Протягивает креманку через стол, рукой задевает тяжёлую салфетницу, та не двигается с места.
— Ешь, — качает головой Дима. Сладкого он не хочет.
— Зануда, — Ваня продолжает есть, больше похоже на издевательство над Димой, обслуживающим персоналом и другими посетителями.
— Ты на кастинг попасть пытаешься?
— Может, поедешь уже, а? Портишь аппетит.
Ложке можно позавидовать, Дима ест салат, смотрит, как его становится всё меньше и меньше. Запивает минералкой. Диета нелегко даётся, он страдает, нервничает, вредничает.
На подземной парковке ждёт, пока Ваня пристегнётся.
Зря ждёт, Ваня хватается за руль и утыкается Диме носом в щёку, говорит тихо:
— Очень вкусно было, — Дима вздыхает, — несмотря на комментарии.
Ваня сладкий, карамельный, он в поцелуй улыбается и Дима слетает на орбиту с другим настроением.
Из-за того, что он сам начал есть меньше, реже, лучше, Дима понимает, что прозрел. Видит раньше незамеченное.
То есть, реально, Ваня ест сладкое так, словно хочет начать блевать радугой.
— Нет, не треснет, — Ваня даже не даёт ему сказать, ощущает затылком мысли Димы. Сидит на диване в ужасающей для позвоночника позе и ест мишек, мишек с шоколадной начинкой.
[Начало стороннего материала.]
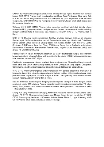 "Februari 2019, CKD OTTO Pharma telah menerima sertifikat halal dari Majelis Ulama

— Только крошками всё не загадь.
— Отсюда ещё и не такое убирали, — поднимает вверх мишку без башки и салютует им ведущей «Вестей».
— Зачем хуету эту смотришь? — Дима думает вернуться в спальню, включить ноут и начать историю про зомбирование при помощи сладкого и телевидения. Правда, первое уже было с Деппом, а второе происходит в его стране ежедневно, все двадцать пять часов в день, эти уроды даже дополнительный час могут достать из своей глубокой задницы.
— Для сравнительного анализа.
Слушать это ссаньё в уши Дима не собирается, всё-таки идёт в кровать и надеется на клавиши, они его поймут, пальцы всегда мысль догонят.
Ваня телевизор делает тише, проявляя жалость.
Может, написать про сладостей-убийц? Может, ничего не писать, пойти посмотреть, что про него, к примеру, успели написать.
Пока он мается и не может решить, а в животе бурчит голодное и терзающееся, Ваня приходит тоже.
Садится рядом и смотрит, облизывая губы.
— Чего пишешь?
— Петицию о запрете центральных каналов.
— Ага, — медленно отвечает Ваня и гладит его по бедру, — и как?
— Да хуёво что-то, — ему заряд нужен, а голод не работает, не помогает. В баке пусто. Нет, художник решительно не должен быть голодным.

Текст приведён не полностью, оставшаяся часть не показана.